Por otro lado, los fieles deben cumplir todas las prescripciones legítimas de la autoridad civil (aunque no nos gusten las personas que en un momento determinado ocupen cargos públicos) incluso cuando estén en desacuerdo o consideren —¡todos llevamos dentro un gobernante alternativo!— que las cosas se pueden hacer mejor, mucho mejor. Y si se considera seriamente que las decisiones de la autoridad son injustas o desproporcionadas, lo que corresponde en la conducta de un fiel cristiano que, por serlo, es un buen ciudadano (o quiere serlo) es impugnar esas decisiones administrativas ante los tribunales de justicia.
P- En esta llamada “segunda ola”, en la que las medidas son algo menos restrictivas, observamos, sin embargo, situaciones como la del pasado septiembre en Ibiza donde se decreta, por el Gobierno civil “la supresión de la actividad de culto”, al mismo tiempo, se permite la apertura y asistencia a lugares de mayor concurrencia. Jurídicamente, ¿este tipo de actitudes pueden sostenerse o, por el contrario, es necesario, y consecuente, recurrirlas?
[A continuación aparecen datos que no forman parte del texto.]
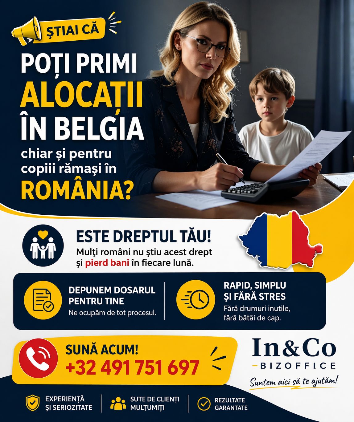 Știai că poți primi alocații în Belgia chiar dacă copilul tău este în România? Mulți români nu știu acest drept și pierd bani lună de lună. In&Co Bizoffice se ocupă de tot dosarul pentru tine, rapid și fără stres. Contact: +32 491 751 697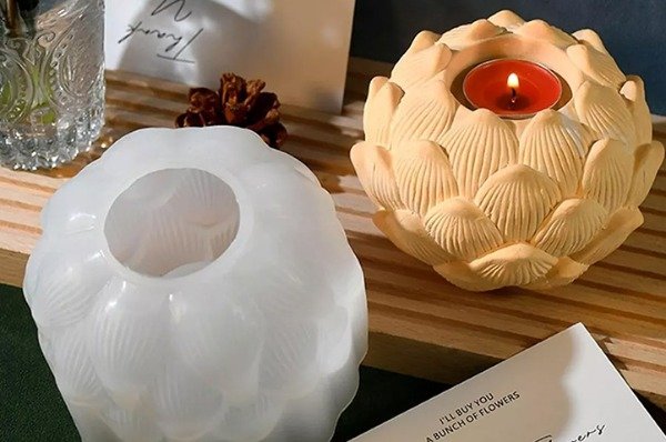 🕯️ Molde de Silicona “Porta Vela Flor de Loto Grande”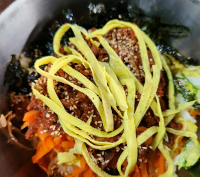 - 마지막으로 양념해 둔 육회를 중앙에 넉넉히 올리고, 계란 노른자를 얹어 마무리합니다. 기호에 따라 참기름을 추가해 맛있게 비벼 먹습니다.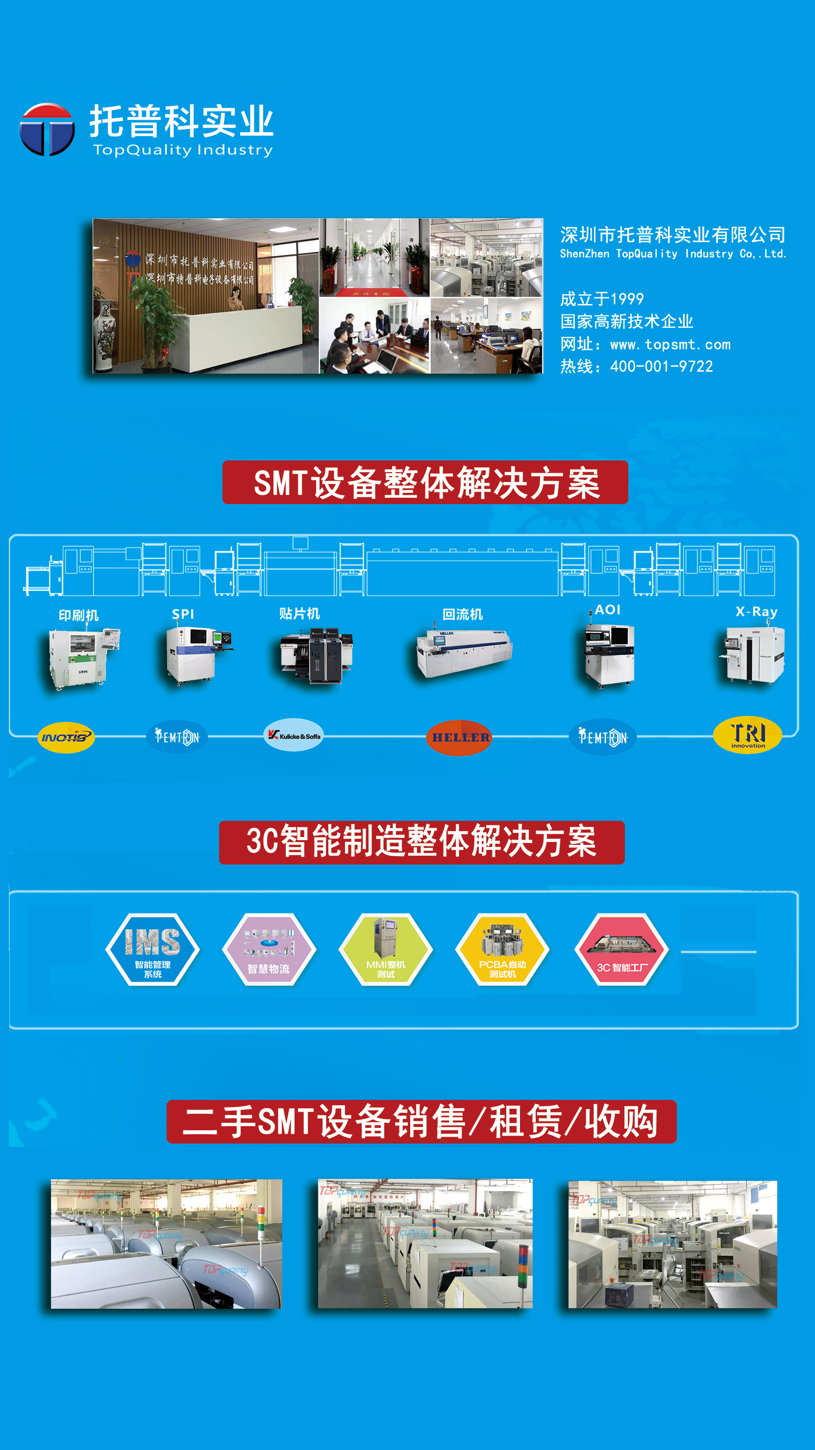 深圳市托普科實業有限公司是一家高科技術公司,專業提供二手及全新SMT設備,(貼片機,回流焊,波峰焊,印刷機,AOI,SPI)收銷/租賃/維修以及SMT周邊所有設備研發、生產,銷售為一體,產品有:(板機、下板機、接駁臺、平行移載機、雙軌機、跌板機、真空吸板機、緩存機、NG/OK收板機、印刷機、及各類工業控制系統開發,配件銷售)提供一站式SMT貼裝解決方案。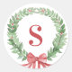 This Christmas sticker has a wreath with a red monogram initial. You can personalize with your initial.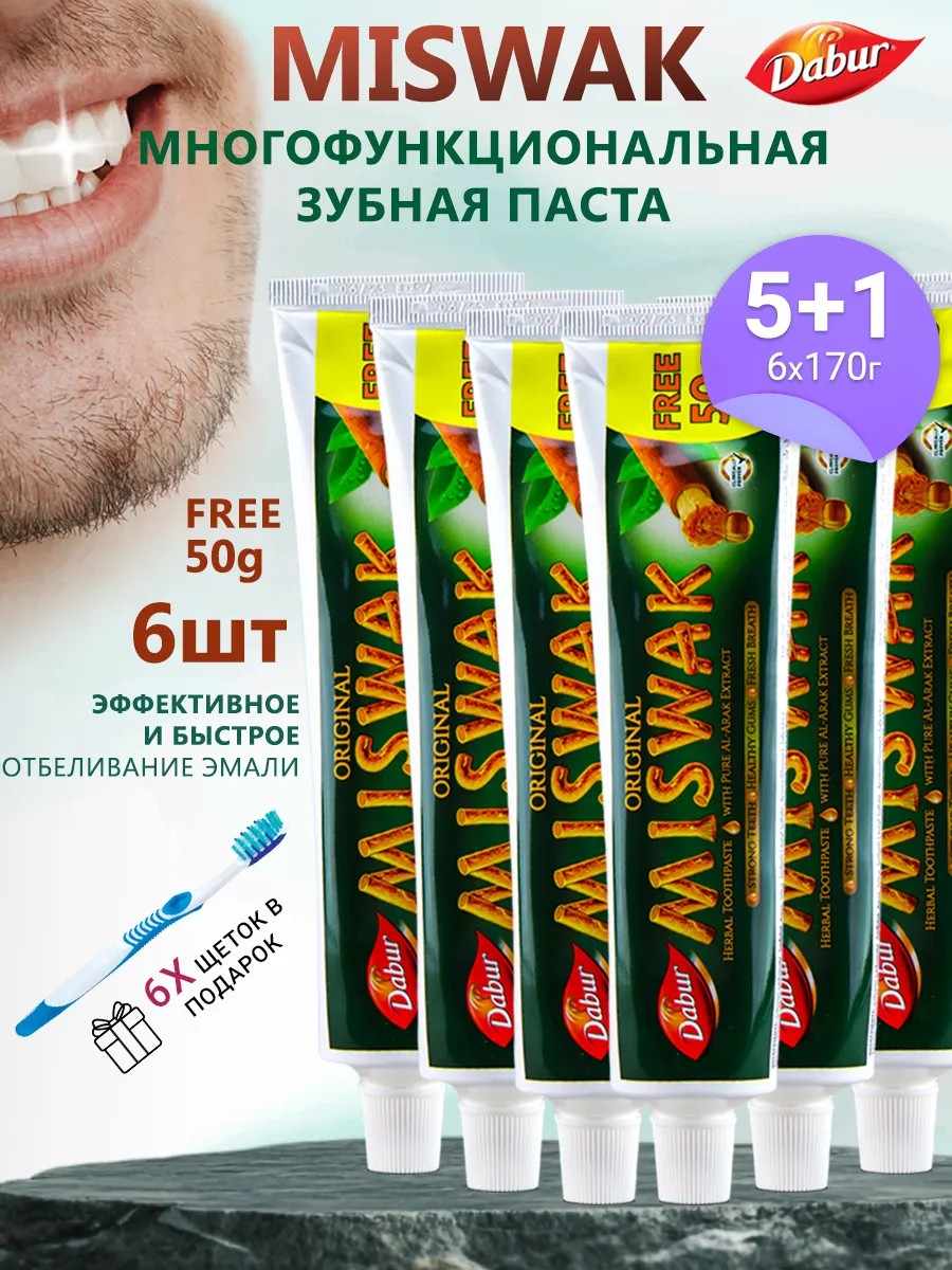 | Полное наименование товара | Зубная паста Miswak 170 гр отбеливающая 6 штук, дабур |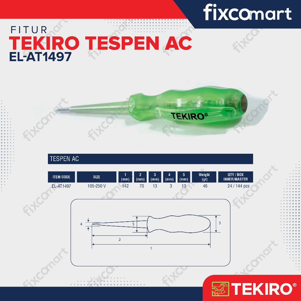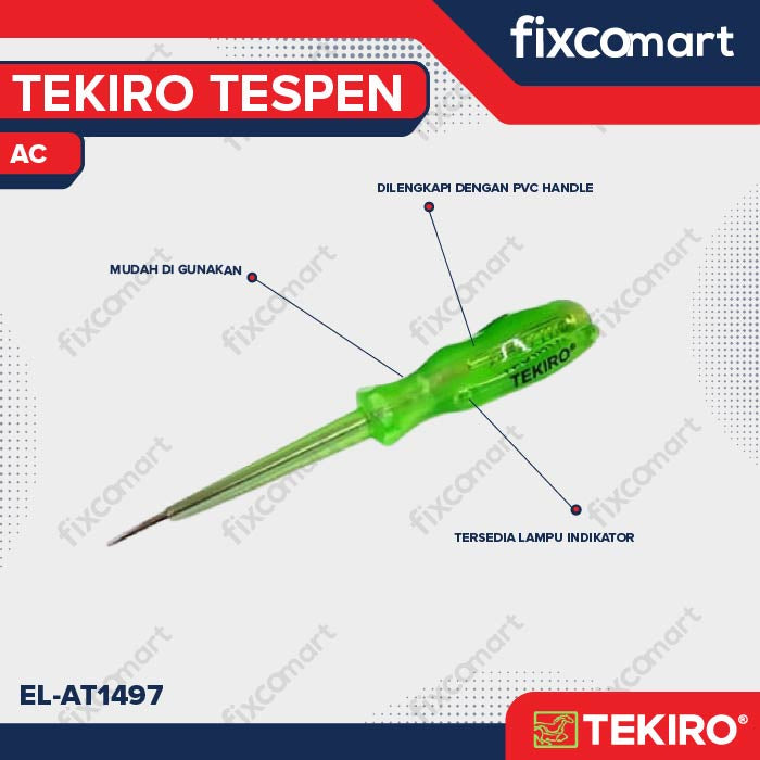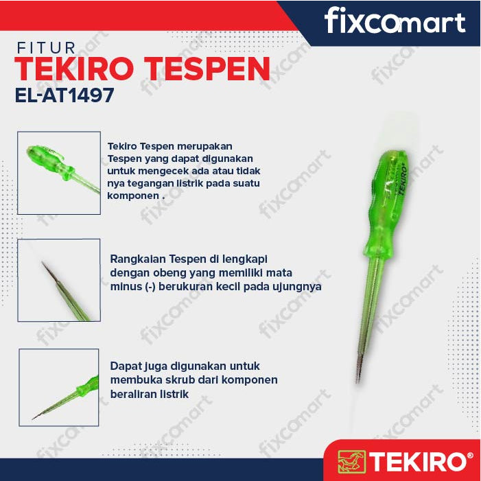 TEKIRO Tespen AC Perkakas Tangan merupakan tespen yang dapat digunakan sebagai alat yang digunakan untuk mengecek atau mengetahui ada tidaknya suatu tegangan listrik. Rangkaian Tespen berbentuk obeng yang mempunyai mata minus (-) berukuran kecil pada bagian ujungnya. Tespen juga memiliki jepitan seperti pulpen sebelumnya dan di dalamnya terdapat led yang mampu menyala sebagai indikator tegangan listrik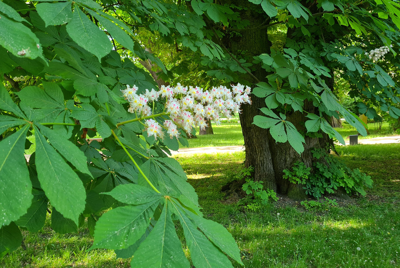 kasztanowiec zwyczajny (Aesculus hippocastanum L.), wiek ponad 200 lat, wys. ok. 20 m, obwód 540 cm, pomnik przyrody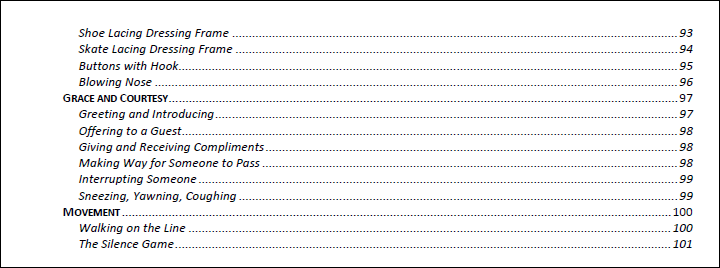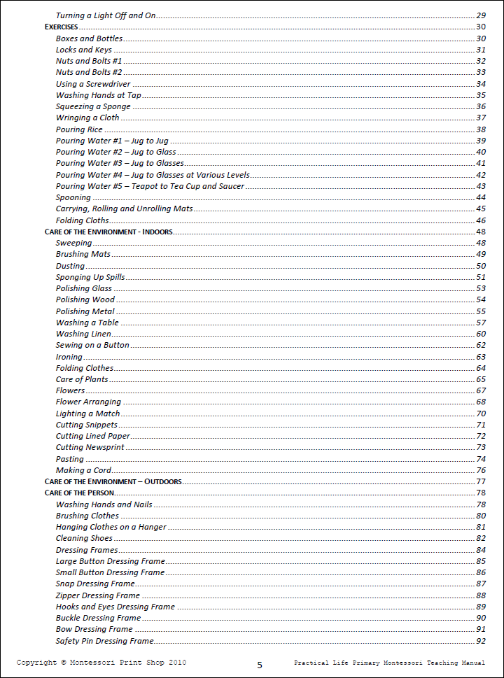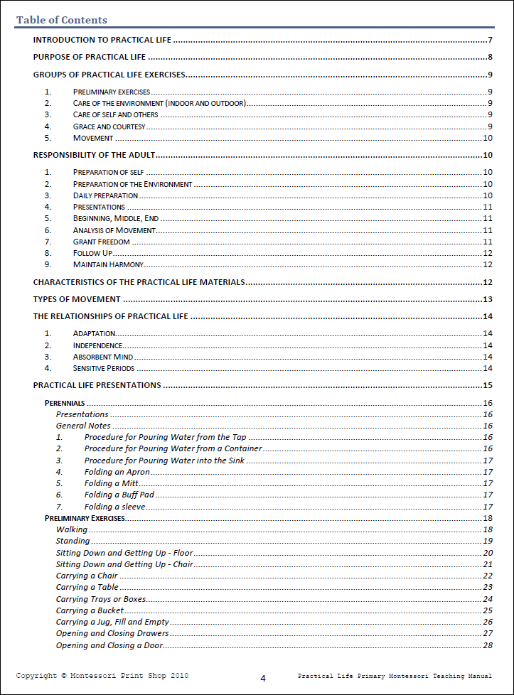 A complete and comprehensive teaching manual for the primary level practical life (ages 2½ to 6 years of age). Based on AMI principles and concepts.
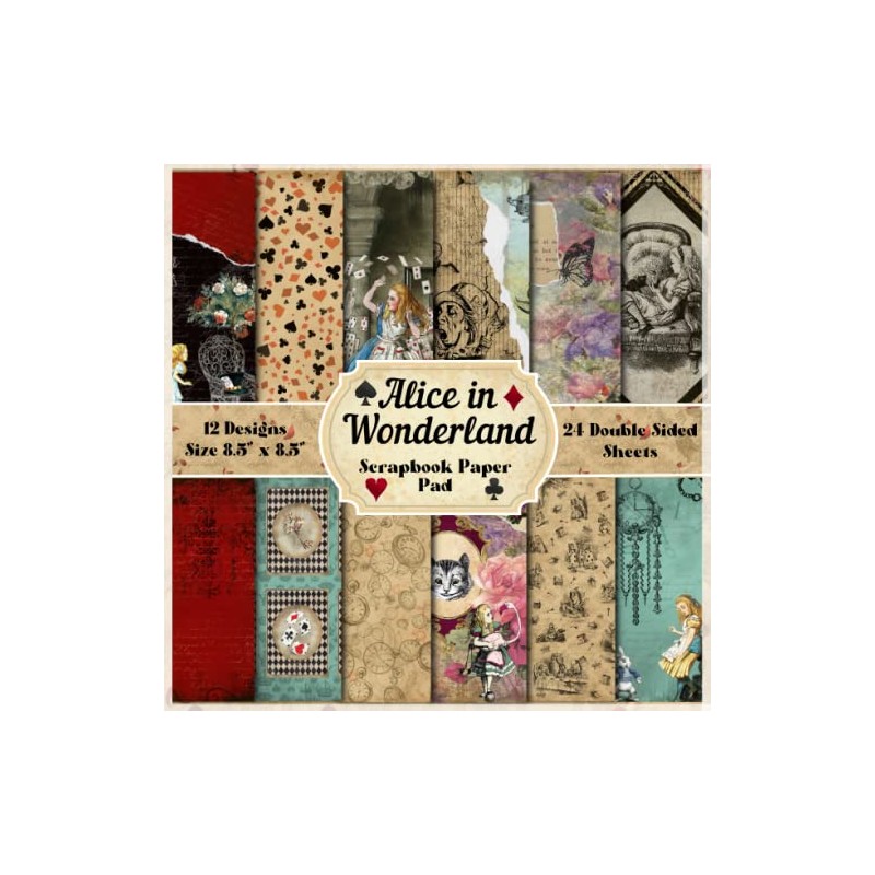Alice in Wonderland Scrapbook Paper Pad | 12 Designs 24 Double Sided Sheets of Alice Adventures Inspired Patterns: Vintage Fairy Tale Pages for Scrapbooking Junk Journal Collage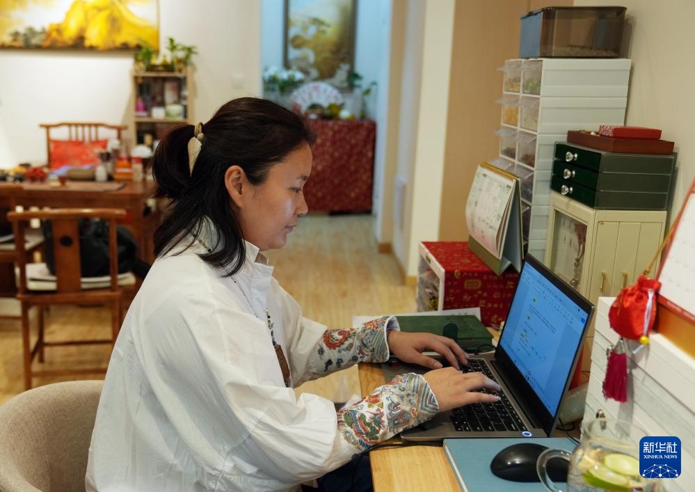 小店的手作课程团队成员为参加国潮市集准备展品(4月18日摄)。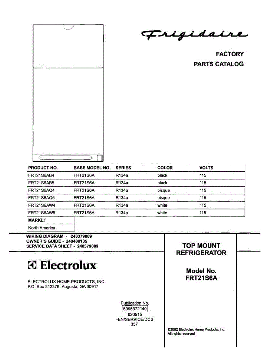 Parts for Frigidaire FRT21S6AQ5: 01 - Cover Parts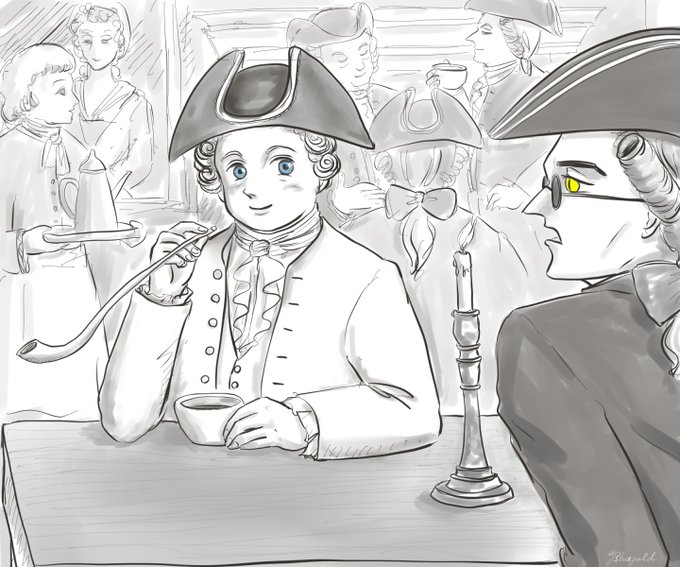 18世紀のロンドンコーヒーハウス 😈こんなところで何してるんだ 👼コーヒーハウスは情報収集にいいんだよ 😈うまいか? 👼ほら周りに馴染まないといけないし… まあ、味わい深いね ほら新しく出来たことはよく知っておく必要が… #チャレンジワンドロ1119から1120 #GoodOmensFanArt #smoking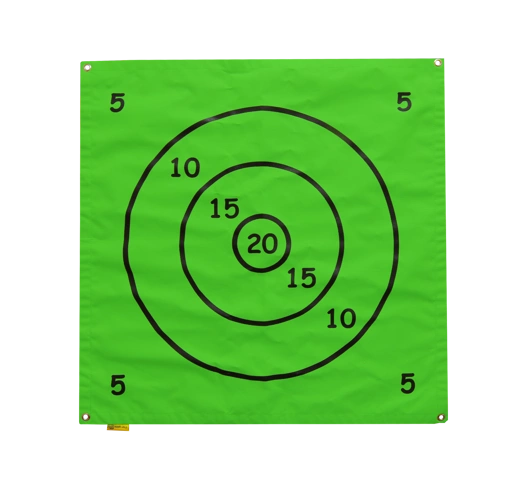 Matę o wymiarach 75 cm x 75cm z nadrukowaną tarczą i otworami ułatwiającymi montaż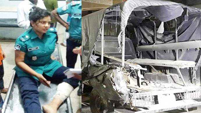 হামলায় আহত পুলিশ কর্মকর্তা রাশেদা। ছবি: সংগৃহীত[/caption]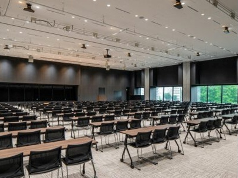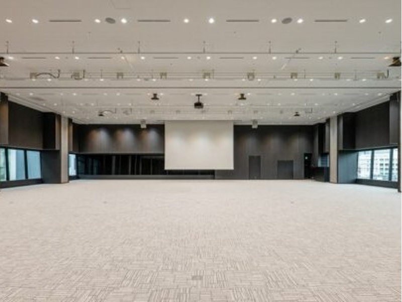 2024年4月1日にオープンしたばかりの「HALL」は、新宿駅新南口から徒歩4分という抜群のアクセスを誇るイベントホールです。新宿御苑に面した開放的な空間が最大の魅力で、広々とした727㎡のスペースは天井高6mと、大規模なイベントにも対応可能です。200㎡を超える専有ロビーも利用でき、受付や休憩スペースとしてもゆとりのある運用が叶います。セミナー向けの無料備品が多数用意されており、セッティング・撤去費用も無料。スタッフ常駐で、大型スクリーンも完備しているため、展示会や発表会、大規模な研修など、様々な用途で上質なイベント開催をサポートします。

R.P. — La supresión de las actividades de culto por parte de la autoridad pública es un contrasentido, es un despropósito, es un paradigma de la arbitrariedad. La autoridad civil no puede, en razón de los estados de alarma, suprimir los actos de culto. Está totalmente fuera de su competencia. Lo que puede hacer es limitar proporcionalmente los aforos de los lugares de culto o establecer medidas en pro de la seguridad o la salud públicas. Cierto es que la autoridad pública ha razonado, con más frecuencia de la debida, con criterios materialistas, lo que le ha llevado a considerar que “servicios esenciales» para la población solo pueden ser, prácticamente, dos cosas: comprar en un supermercado y curarse en un hospital. Y esto es un error que desconoce la raíz de los derechos fundamentales de la persona y la naturaleza espiritual del ser humano. Jurídicamente esas decisiones, normas o resoluciones administrativas son contrarias a derecho: deben recurrirse, pero no solo en beneficio propio, valga la expresión, sino para recordar a las autoridades públicas que los derechos fundamentales de la persona limitan su arbitrariedad.